• MATERIAL FOR THIS EXERCISE
* * *

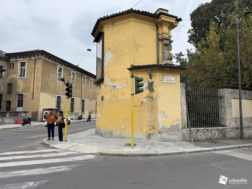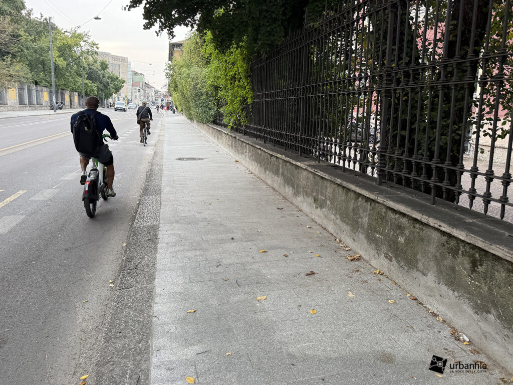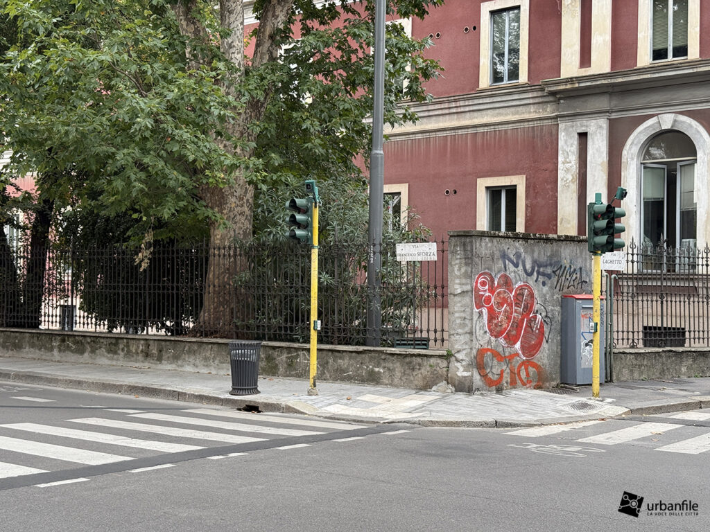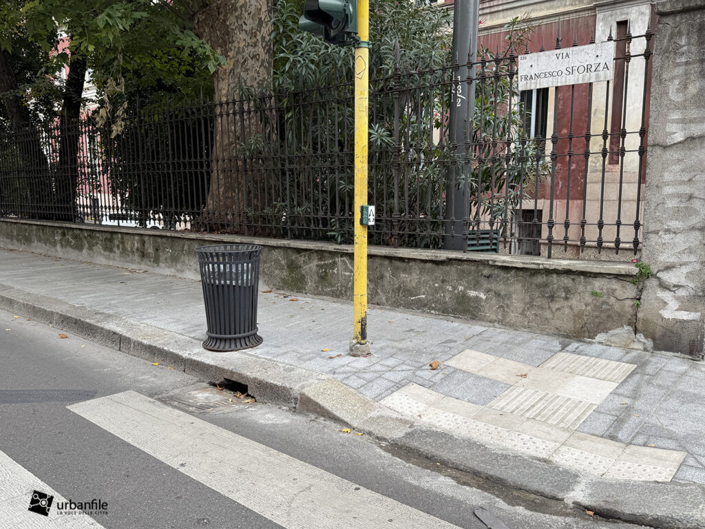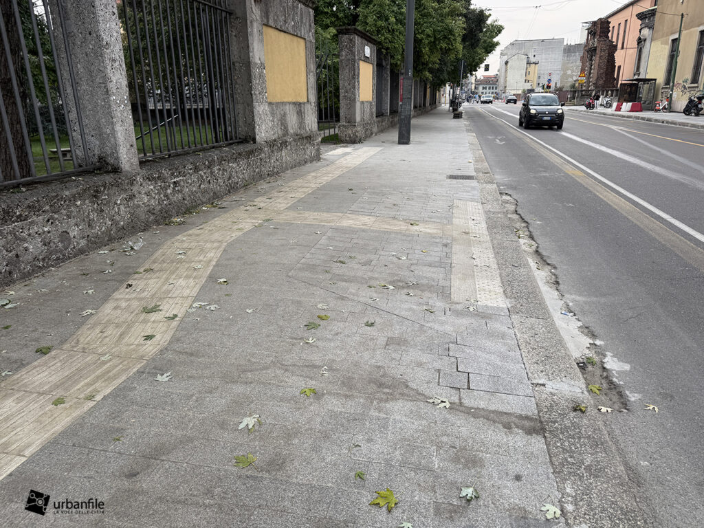 Ed ecco l’area pedoanle che si trova dove sono state realizzate le uscite della stazione M4 Sforza Policlinico. Sappiamo che gli edifici ai civici 44 e 46 di via Francesco Sforza sono privati, quindi spetterebbe a loro “decorare le enormi pareti cieche, ma non è brutto vedere quei muri privi di decoro? Almeno ci fosse quel po’ di alberature che mitigassero la presenza.Sperando magari nella costruzione di un bel edificio quando ripareranno e restaureranno l’ex obitorio del Policlinico.
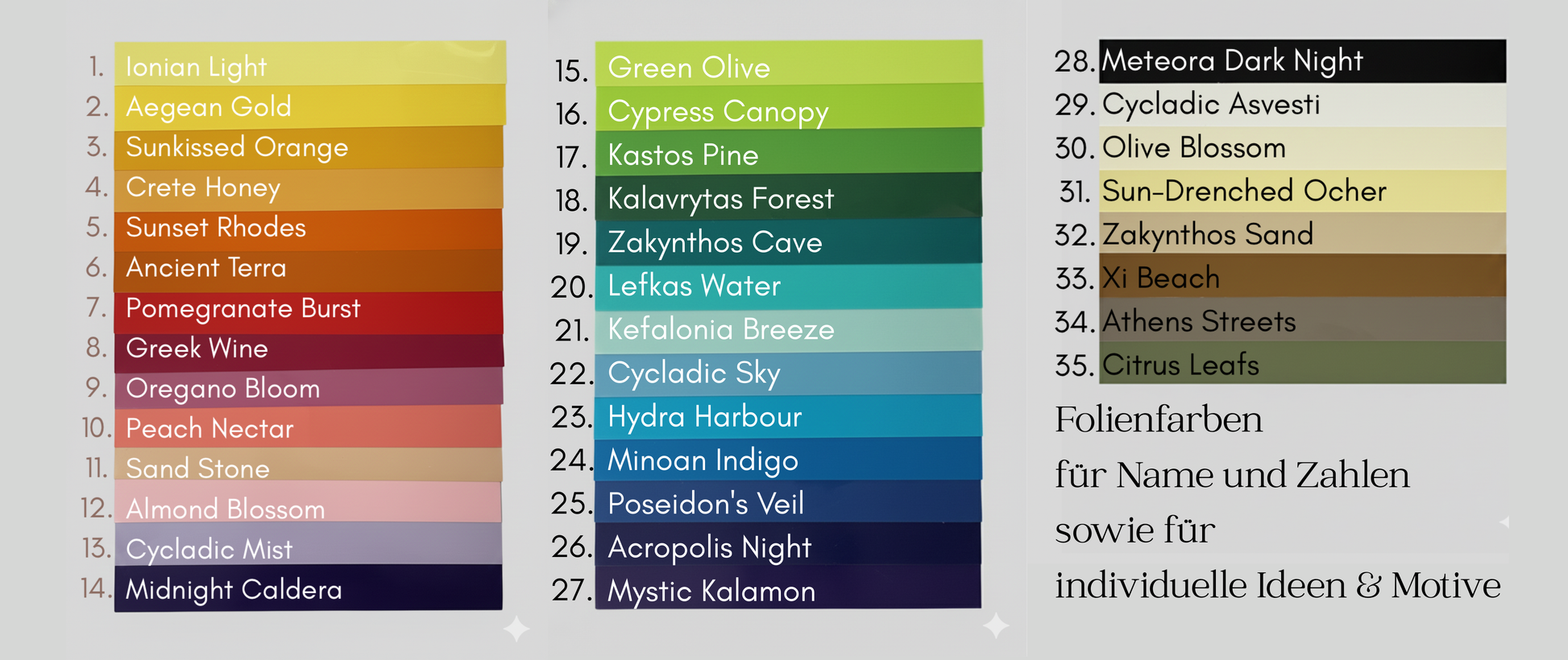 Wichtig: Die verfügbaren Schriftarten und Farbmuster für alle Elemente finden Sie in der **Produktgalerie**.
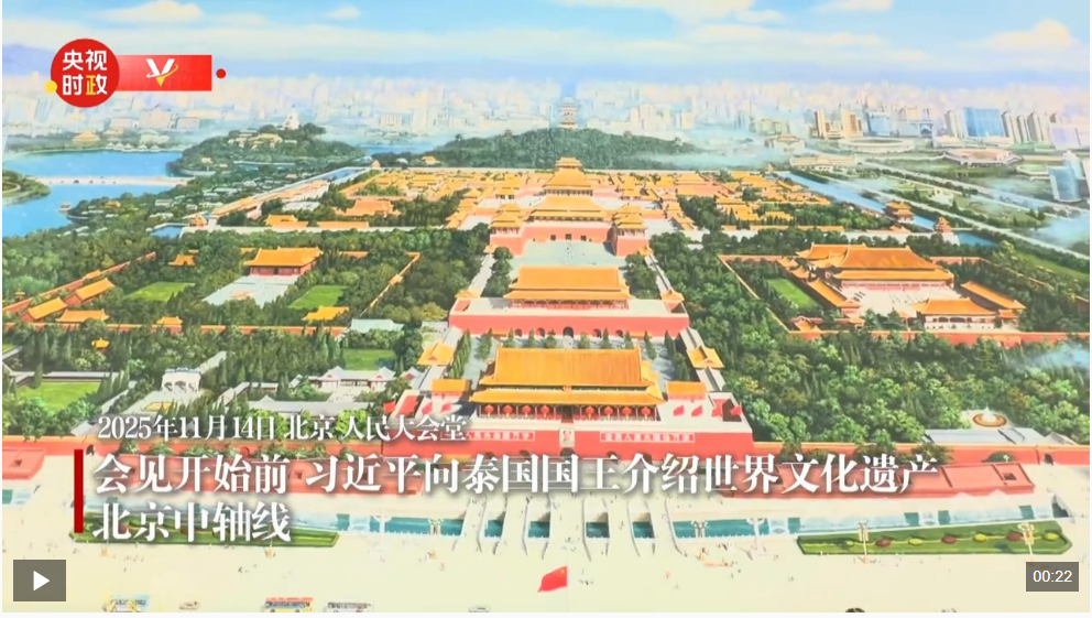 會見開始前,習近平向泰國國王介紹世界文化遺產(chǎn)——北京中軸線。
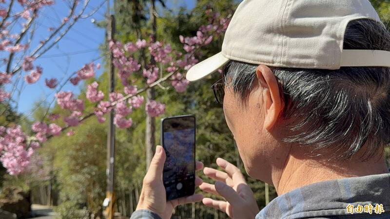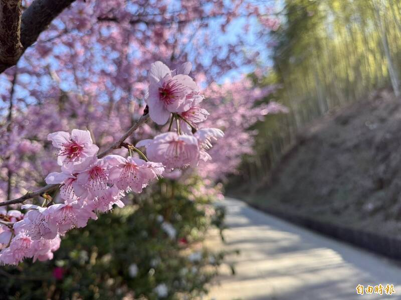 粉紅色櫻花綻放,讓人看了心曠神怡。(記者李文德攝)
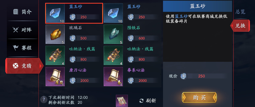 参与联赛的48支队伍均可在联赛结束后领取不同档位的奖励!新增道具【如意金砂】【绛紫砂】【蓝玉砂】,可在商城中兑换各对应品级的装备碎片。
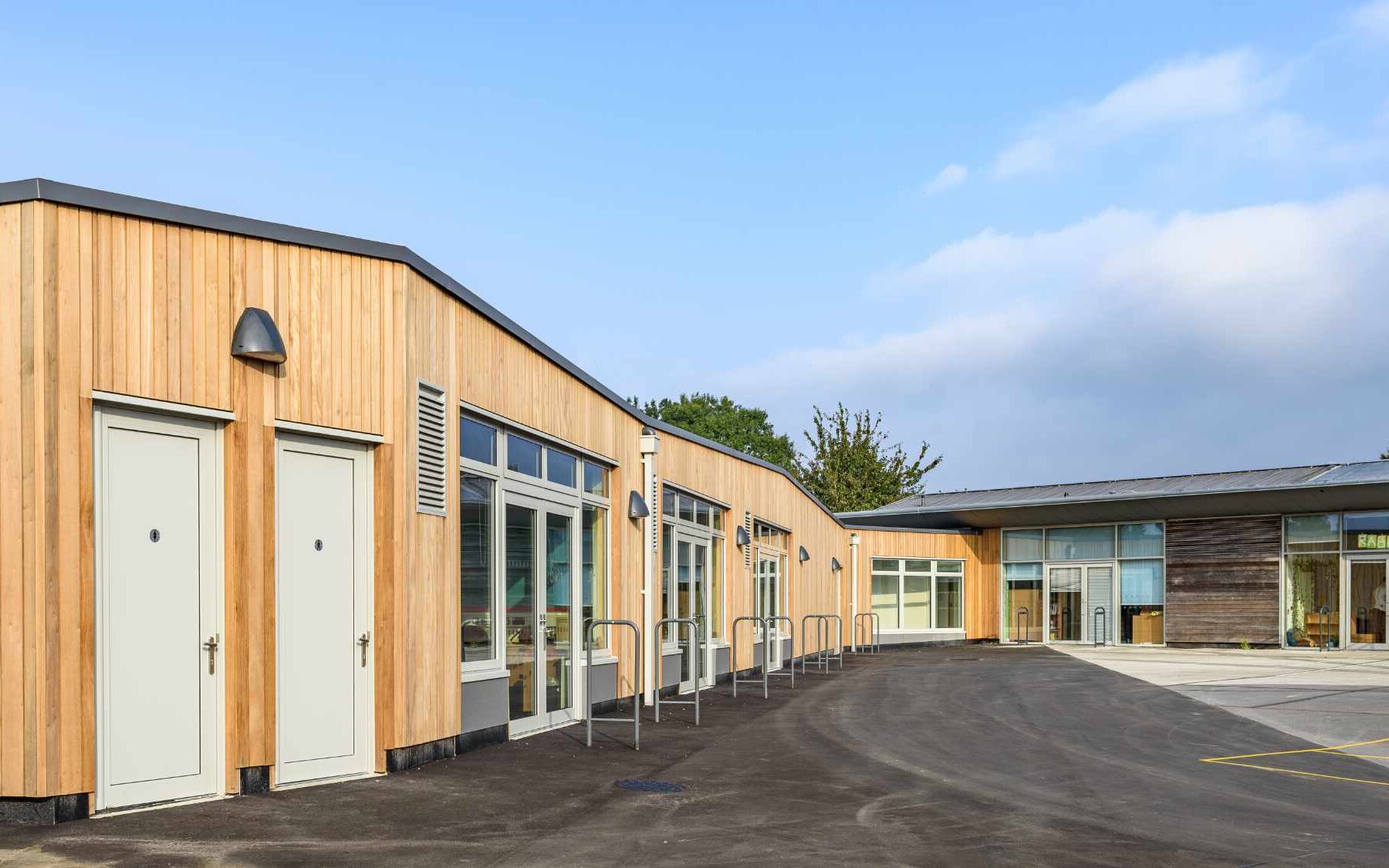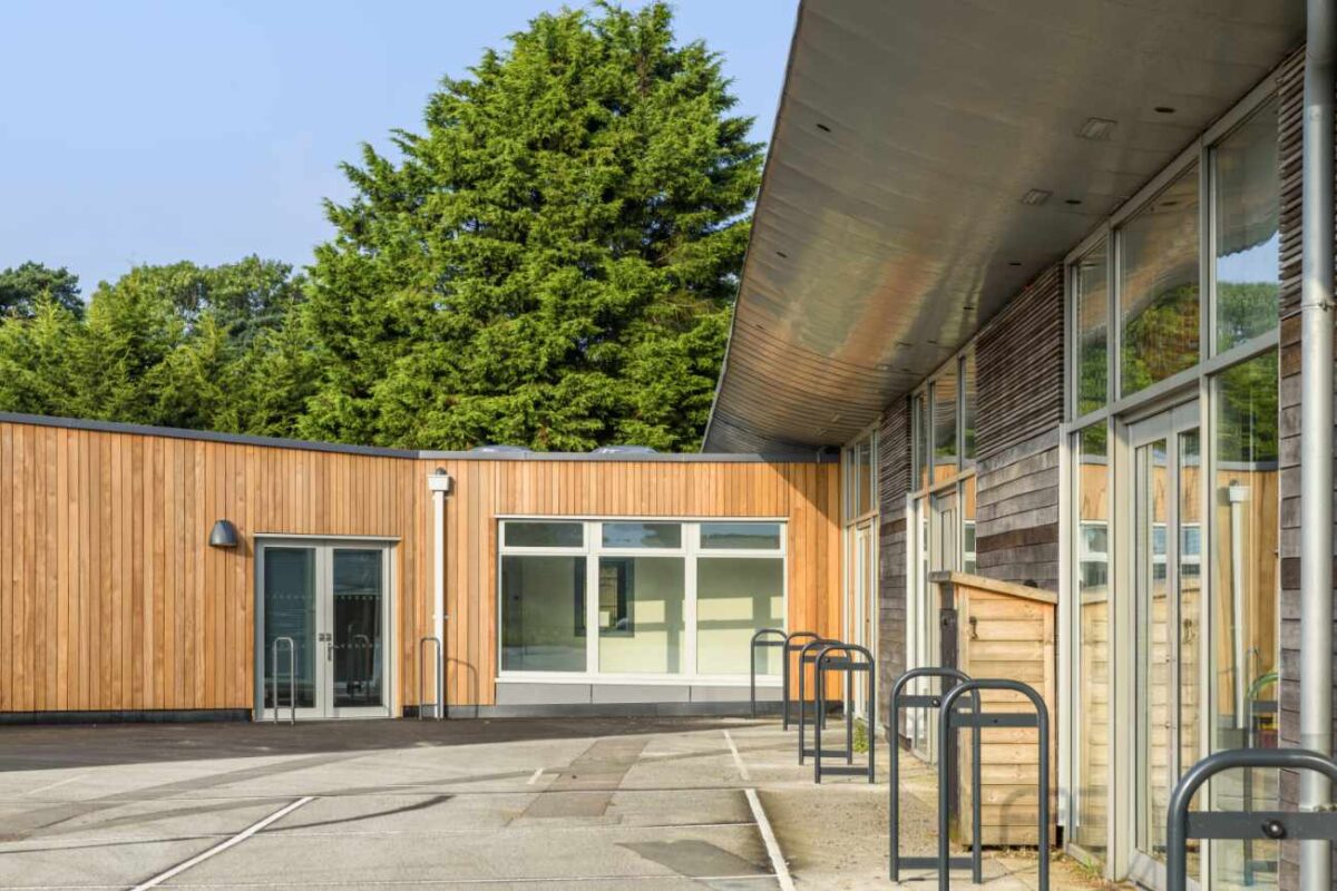 HMY proposed that only the material language of the base of the existing building (timber cladding) is continued to its extension, with no roof projections. The design is also informed by an idea of its form as a solid timber mass from which volumes are removed where large areas of glazing (classrooms) and recesses (main entrance) are required. To respond to the change in level inside the building and to give the extended school a unique (though sympathetic) appearance, the profile of the top of the wall varies around the building. The site planning involved the reconfiguration of the main playground and the creation of a new and generous car park / drop-off area
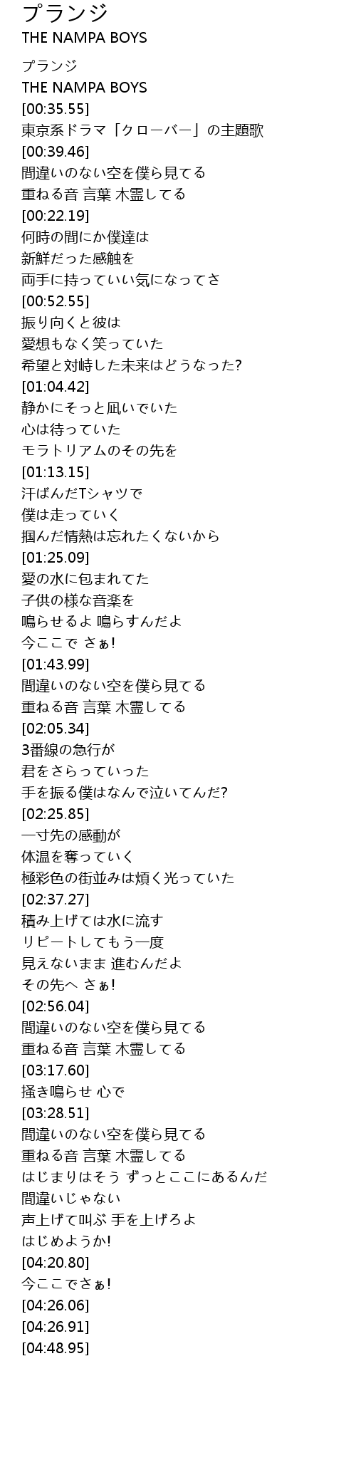 | [00:23.07] | プランジ |

* * *

• WHAT IS EXPECTED
Using the records above, reproduce exactly the lines from the line containing "参与联赛的48支队伍均可在联" through the last line, with both ends kept and no pictures.

• YOUR SOLUTION
 参与联赛的48支队伍均可在联赛结束后领取不同档位的奖励!新增道具【如意金砂】【绛紫砂】【蓝玉砂】,可在商城中兑换各对应品级的装备碎片。
 HMY proposed that only the material language of the base of the existing building (timber cladding) is continued to its extension, with no roof projections. The design is also informed by an idea of its form as a solid timber mass from which volumes are removed where large areas of glazing (classrooms) and recesses (main entrance) are required. To respond to the change in level inside the building and to give the extended school a unique (though sympathetic) appearance, the profile of the top of the wall varies around the building. The site planning involved the reconfiguration of the main playground and the creation of a new and generous car park / drop-off area
 | [00:23.07] | プランジ |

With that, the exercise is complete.